-------- RECORDS SHOWN --------

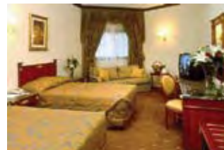
Movenpick Anwar Al Madina
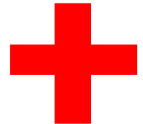
▲ Hong Kong Red Cross

On 2nd February, the first Blood Donation Day of 2011-2012 was held in the school hall. Many students and teachers joined it enthusiastically as before. Their purposes were the same - to save lives by donating blood.
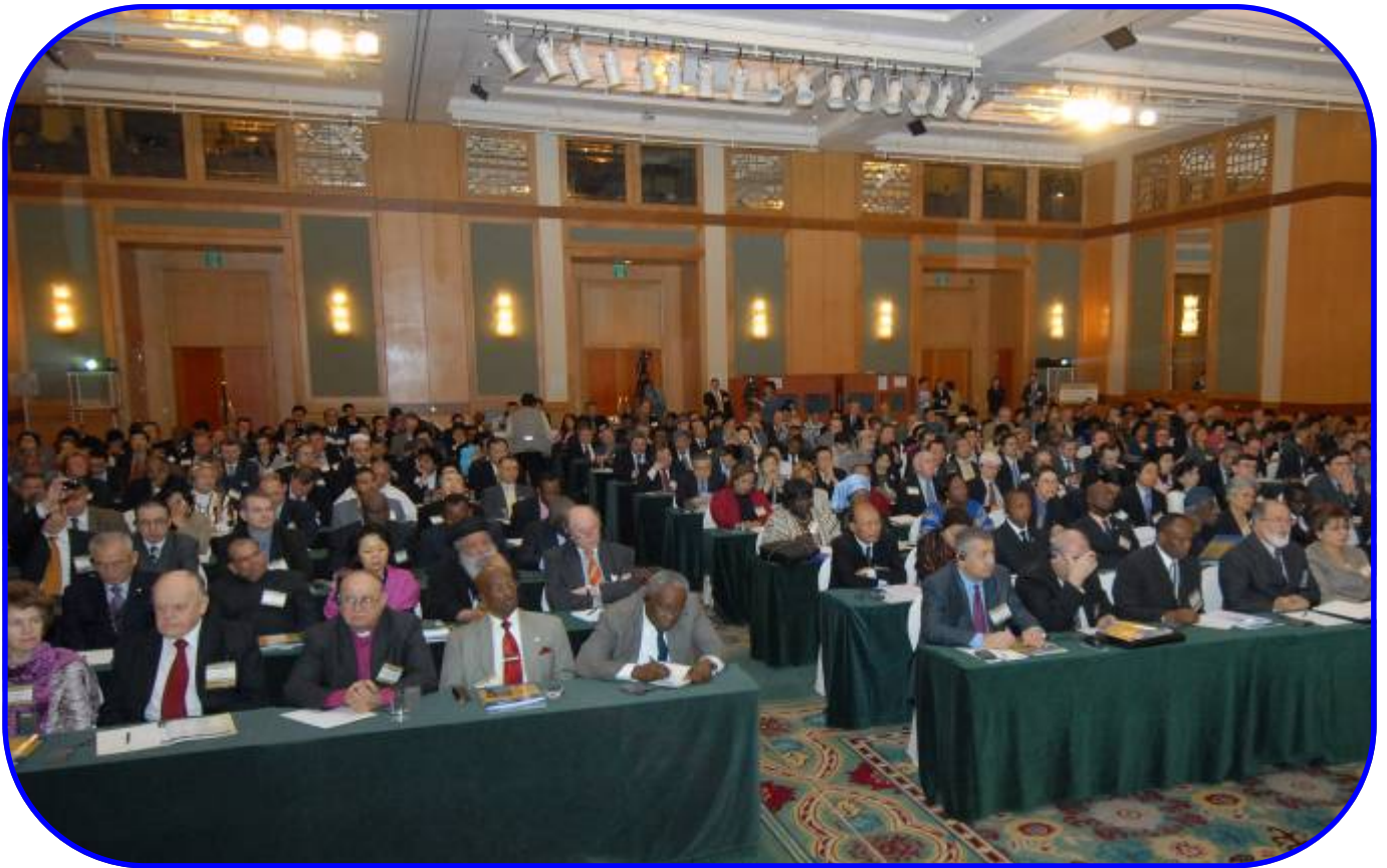
The Opening Plenary : Peacebuilding and Human Development: Prospects and Challenges
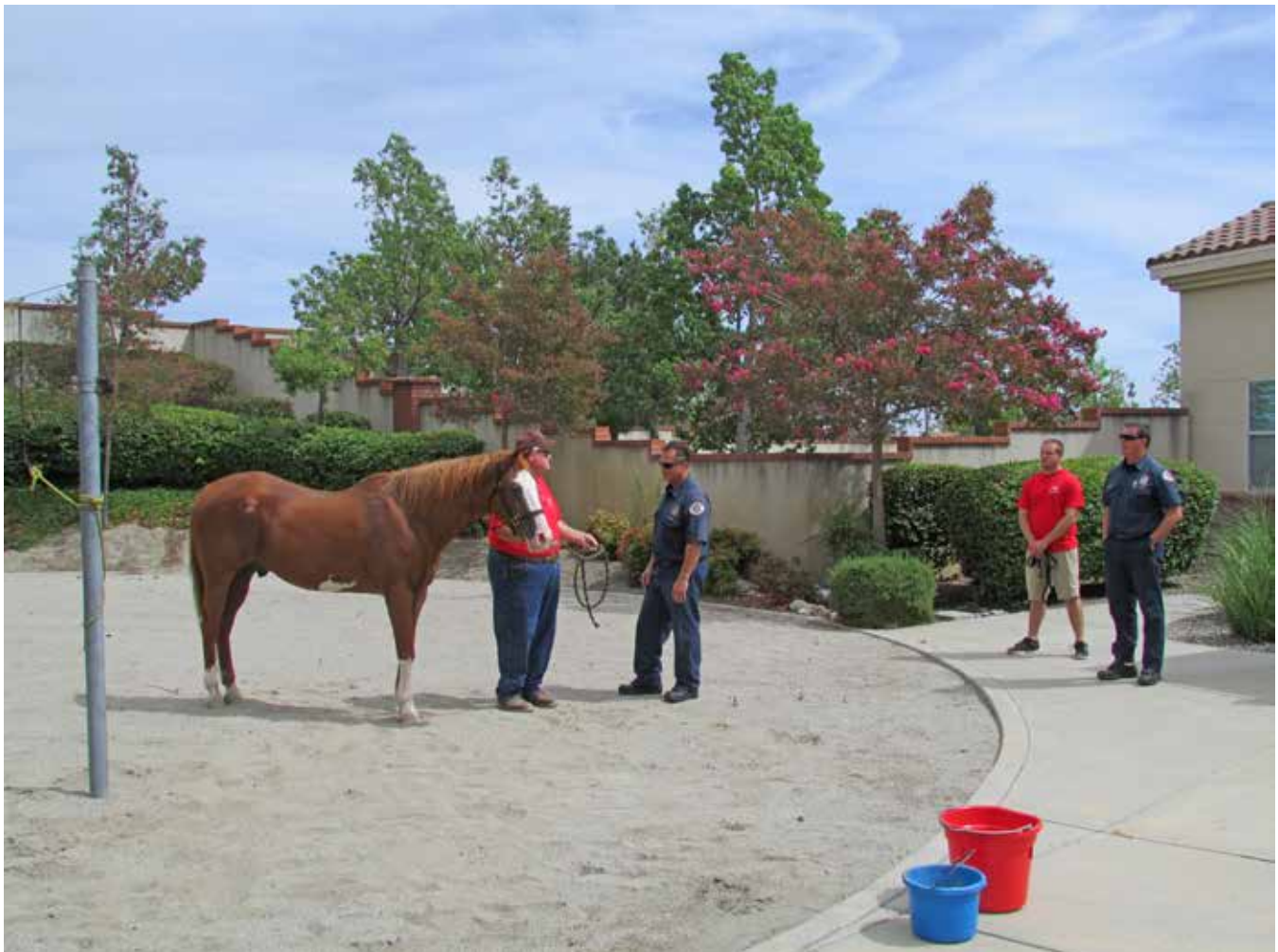
Rancho Cucamonga's ALERT team (Alta Loma Emergency Response Team) trains with city Fire Department personnel in the handling of horses.
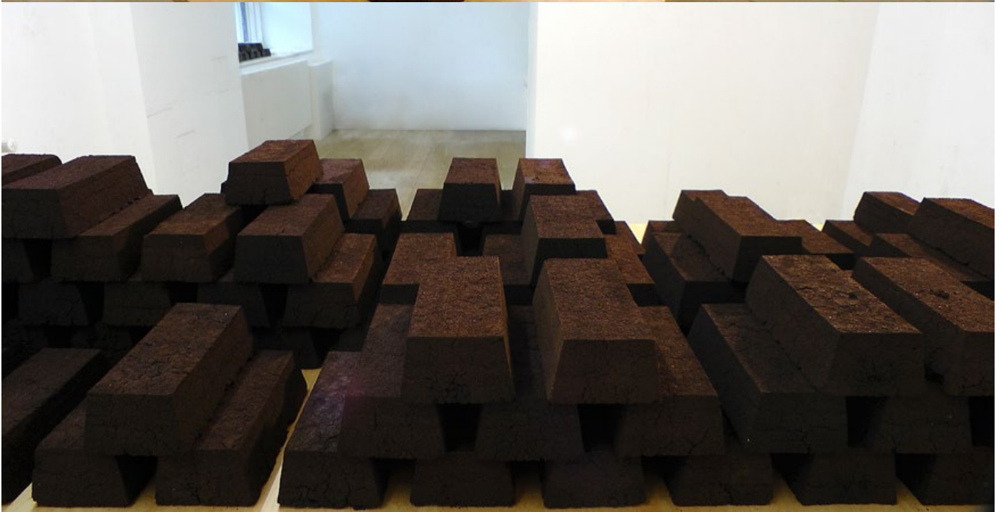
YOU ARE NOT A SALMON - Kaffeesatz , 100 ingots made of coffee grounds, 2012
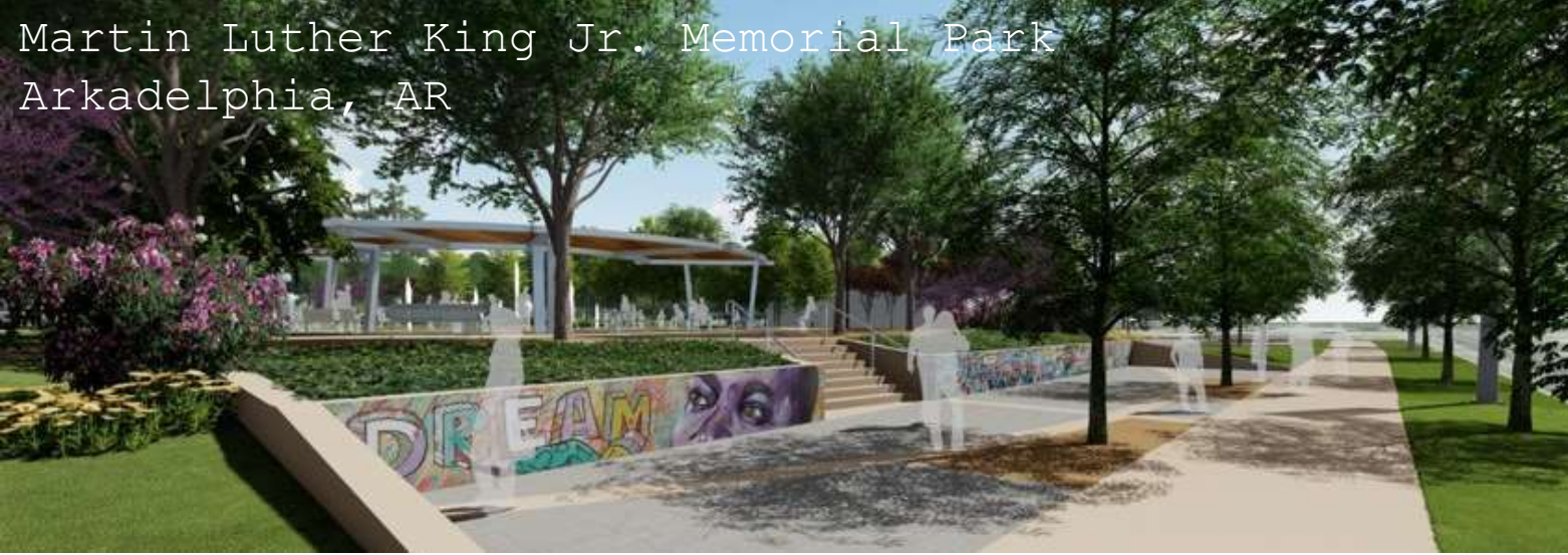
Martin Luther King Jr. Memorial Park Arkadelphia, AR
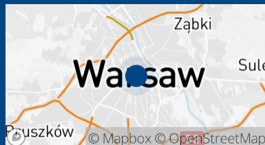
P3 Logistic Parks Sp. Z o.o. ul. Złota 59, Skylight Building, 15th Floor 00-120 Warsaw, Poland poland@p3parks.com
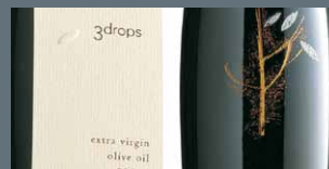
3 DROPS - WINES & EXTRA VIRGIN OLIVE OIL
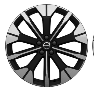
20" 5 Y Spoke (#1301)
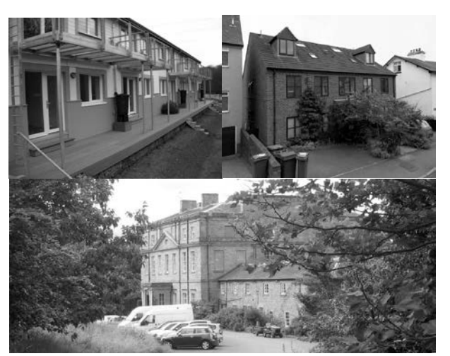
Figure 1: Lancaster, Shirebrook and Thundercliffe Grange Cohousing developments

The Lancaster Cohousing development took six years to recently complete using a participatory design process and a partnership contract between the design team, client and contractor. The homes have been bought by the residents individually on a long term leasehold arrangement with the freehold held by Lancaster Cohousing Company Ltd of which the residents are directors. Shirebrook Cohousing was designed by the original group members and initially funded by a housing association. The building is now jointly owned by the residents, not all of whom are original members. Thundercliffe Grange apartments are all leasehold with the freehold held by Thundercliffe Grange Ltd. of which the residents are directors. Virtually the entire building was renovated by the residents themselves in the 1970's (Figure 1).
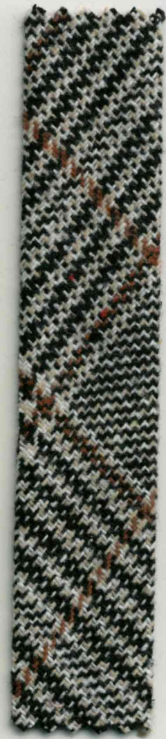
Bias binding 44/25 mm
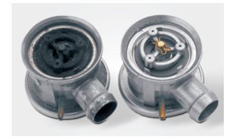
Open secondary air valve Left: Damage caused by exhaust gas condensate Right: New condition

Check the connection for leaks and re-seal if necessary.
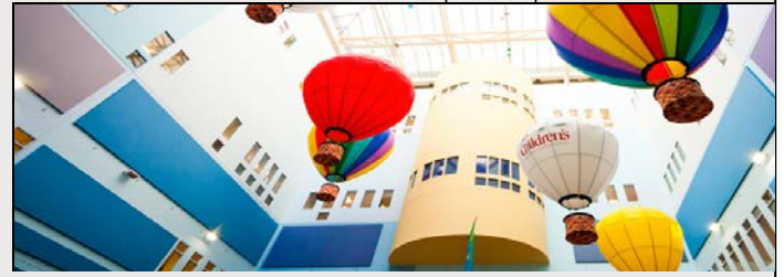
The atrium of Children's National – main hospital campus
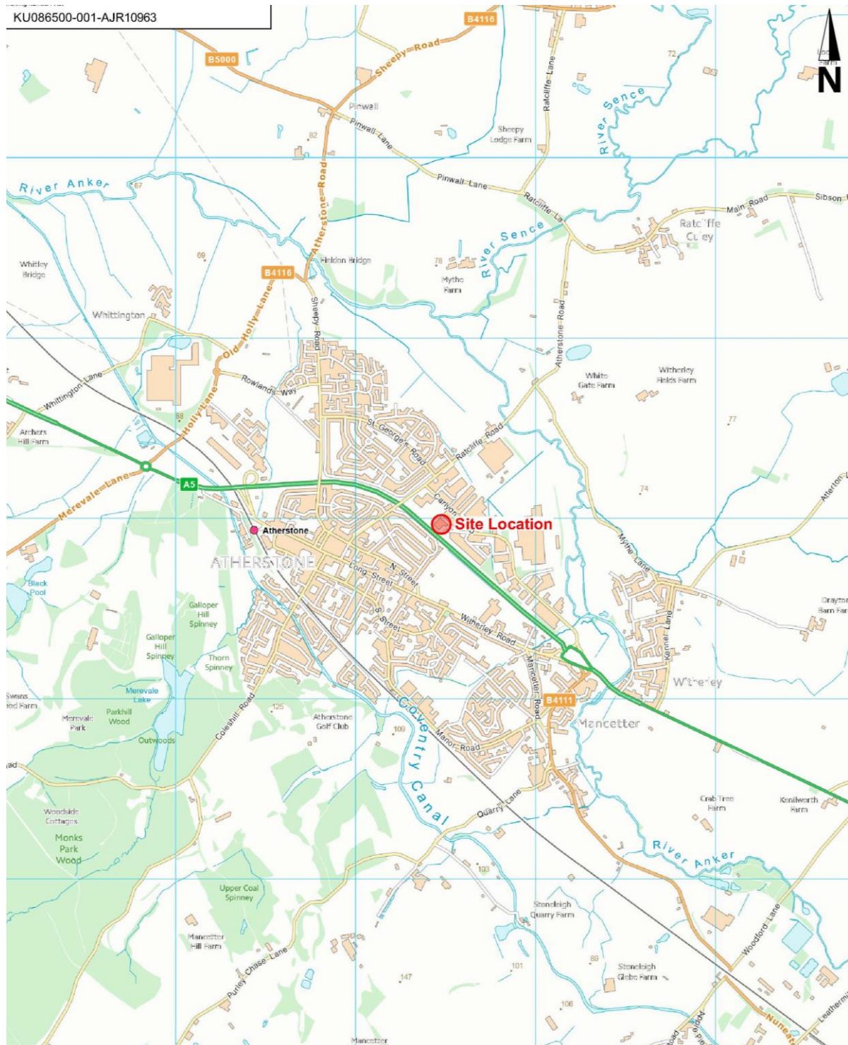
Figure 1: Site Location.
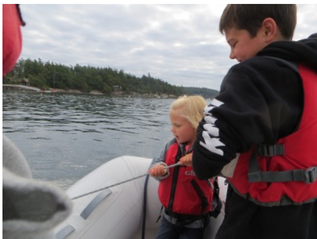
Pulling up the crab pot!
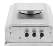
Easy access to the most functional interfaces
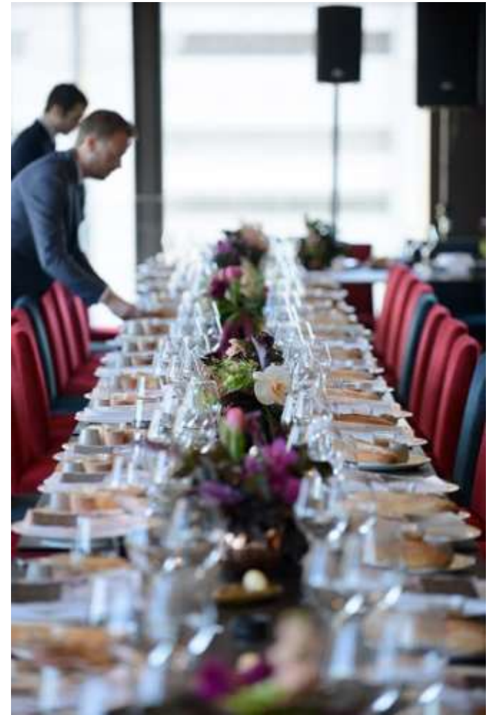
Above: Semi Private City View Space / Private Bayview Space / Full Restaurant Bookout – One Long Table
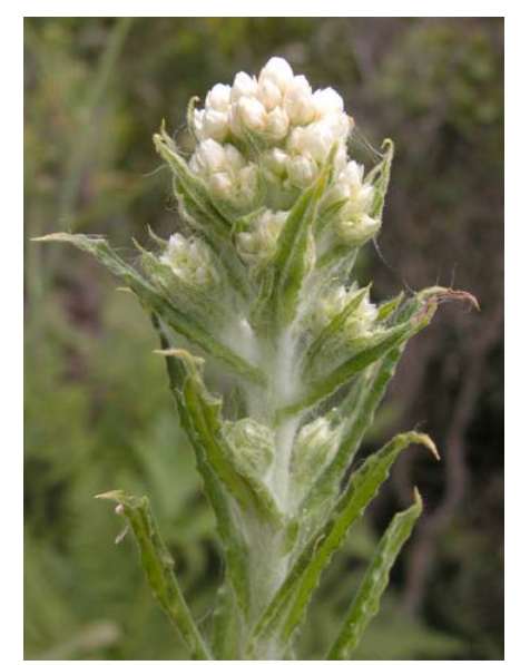
California Everlasting Gnaphalium californicum Native Biennial Sunflower Family
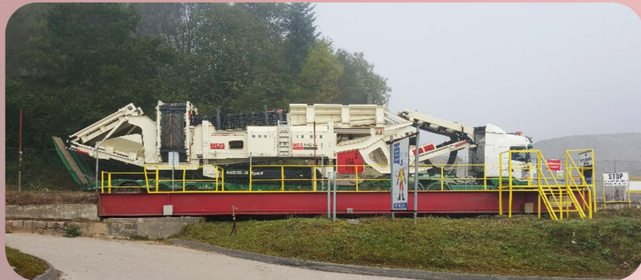
Transportation of the M515 to site, It is easily setup in under 30 minutes

Conventional scalping screens could not handle the size of the rock. Also they could not clean the material effectively. Blue decided to bring in the M515 unit, to help with the issue. The results were a very clean product, the trommel handled rock up to 800 mm or 32 inches. They also measured the M515 doing in excess of 400 TPH, so the customer was delighted with the end results.
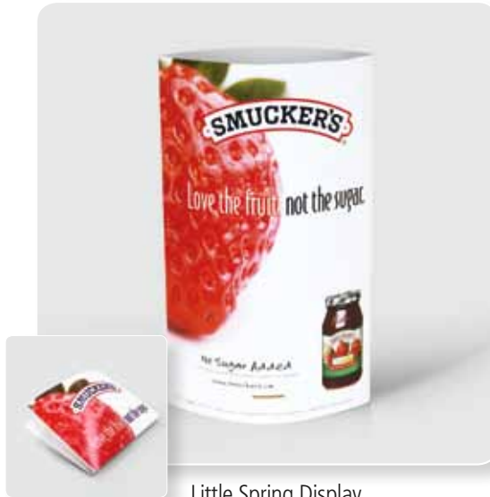
Little Spring Display
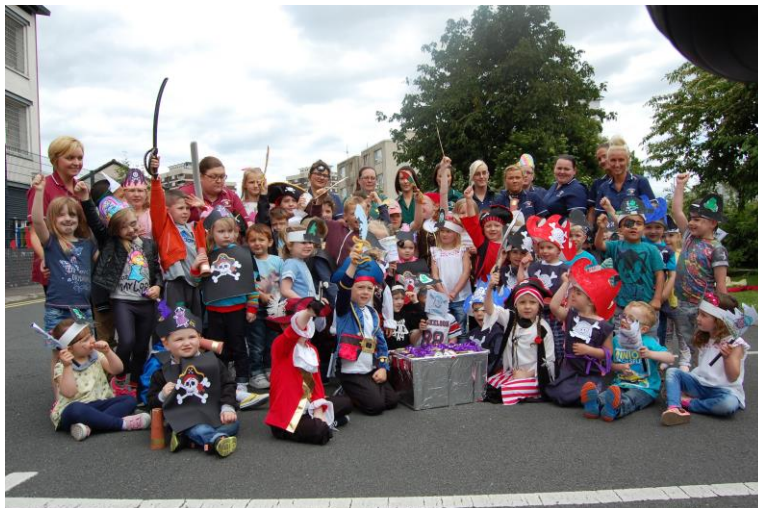
Children dressing up for Kinderkids
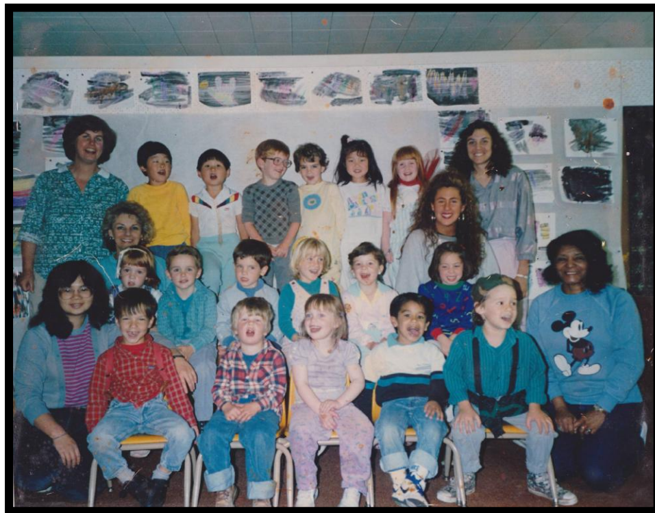
The Child Study Center at San Francisco State University, class of four-year olds in 1988.
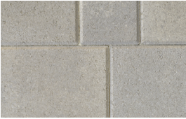
DARK GRAY-PEWTER-CHARCOAL WITH GRAY SAND

Blended Colors (swatches shown in Courtyard Stone, Estate Cobble, Pavilion, and Slaton)
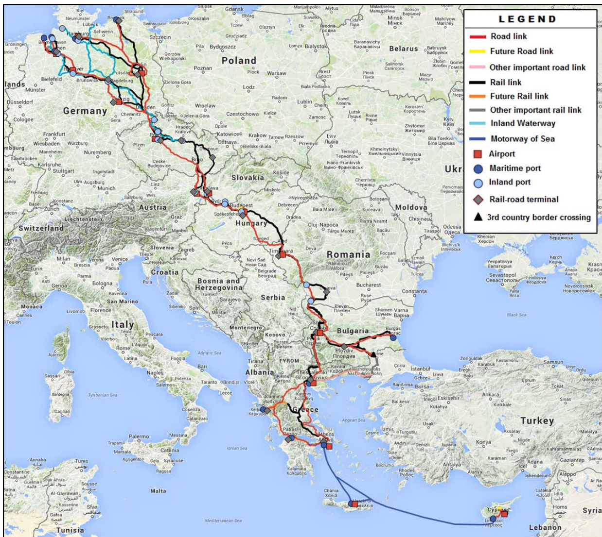
Figure 1: Alignment and nodes of the Orient/East Med corridor

The length of the corridor infrastructure sums up to approximately 5,800 km of rail, 5,400 km of road and 1,700 km of IWW. The number of core urban nodes along the Orient/East-Med corridor is 15, with the majority located in Germany (5) and Greece (3), as well as one per other Member State. The same number applies for core airports, from which 6 are dedicated airports to be connected with high-ranking rail and road connections until 2050. Furthermore, 10 Inland ports and 12 Maritime ports are assigned to the corridor, as well as 25 Road-Rail terminals.
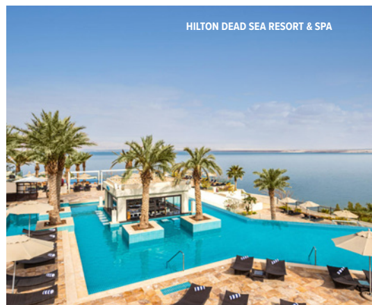
HILTON DEAD SEA RESORT & SPA
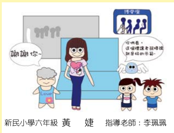
新民小學六年級 黃婕 指導老師：李珮珮
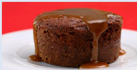
Steamed fresh ginger pudding
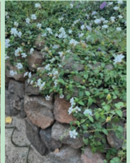
White lantana spills over a rock wall flower bed.

--------

Copy out all the data above exactly, minus the images.

Movenpick Anwar Al Madina
▲ Hong Kong Red Cross

On 2nd February, the first Blood Donation Day of 2011-2012 was held in the school hall. Many students and teachers joined it enthusiastically as before. Their purposes were the same - to save lives by donating blood.
The Opening Plenary : Peacebuilding and Human Development: Prospects and Challenges
Rancho Cucamonga's ALERT team (Alta Loma Emergency Response Team) trains with city Fire Department personnel in the handling of horses.
YOU ARE NOT A SALMON - Kaffeesatz , 100 ingots made of coffee grounds, 2012
Martin Luther King Jr. Memorial Park Arkadelphia, AR
P3 Logistic Parks Sp. Z o.o. ul. Złota 59, Skylight Building, 15th Floor 00-120 Warsaw, Poland poland@p3parks.com
3 DROPS - WINES & EXTRA VIRGIN OLIVE OIL
20" 5 Y Spoke (#1301)
Figure 1: Lancaster, Shirebrook and Thundercliffe Grange Cohousing developments

The Lancaster Cohousing development took six years to recently complete using a participatory design process and a partnership contract between the design team, client and contractor. The homes have been bought by the residents individually on a long term leasehold arrangement with the freehold held by Lancaster Cohousing Company Ltd of which the residents are directors. Shirebrook Cohousing was designed by the original group members and initially funded by a housing association. The building is now jointly owned by the residents, not all of whom are original members. Thundercliffe Grange apartments are all leasehold with the freehold held by Thundercliffe Grange Ltd. of which the residents are directors. Virtually the entire building was renovated by the residents themselves in the 1970's (Figure 1).
Bias binding 44/25 mm
Open secondary air valve Left: Damage caused by exhaust gas condensate Right: New condition

Check the connection for leaks and re-seal if necessary.
The atrium of Children's National – main hospital campus
Figure 1: Site Location.
Pulling up the crab pot!
Easy access to the most functional interfaces
Above: Semi Private City View Space / Private Bayview Space / Full Restaurant Bookout – One Long Table
California Everlasting Gnaphalium californicum Native Biennial Sunflower Family
Transportation of the M515 to site, It is easily setup in under 30 minutes

Conventional scalping screens could not handle the size of the rock. Also they could not clean the material effectively. Blue decided to bring in the M515 unit, to help with the issue. The results were a very clean product, the trommel handled rock up to 800 mm or 32 inches. They also measured the M515 doing in excess of 400 TPH, so the customer was delighted with the end results.
Little Spring Display
Children dressing up for Kinderkids
The Child Study Center at San Francisco State University, class of four-year olds in 1988.
DARK GRAY-PEWTER-CHARCOAL WITH GRAY SAND

Blended Colors (swatches shown in Courtyard Stone, Estate Cobble, Pavilion, and Slaton)
Figure 1: Alignment and nodes of the Orient/East Med corridor

The length of the corridor infrastructure sums up to approximately 5,800 km of rail, 5,400 km of road and 1,700 km of IWW. The number of core urban nodes along the Orient/East-Med corridor is 15, with the majority located in Germany (5) and Greece (3), as well as one per other Member State. The same number applies for core airports, from which 6 are dedicated airports to be connected with high-ranking rail and road connections until 2050. Furthermore, 10 Inland ports and 12 Maritime ports are assigned to the corridor, as well as 25 Road-Rail terminals.
HILTON DEAD SEA RESORT & SPA
新民小學六年級 黃婕 指導老師：李珮珮
Steamed fresh ginger pudding
White lantana spills over a rock wall flower bed.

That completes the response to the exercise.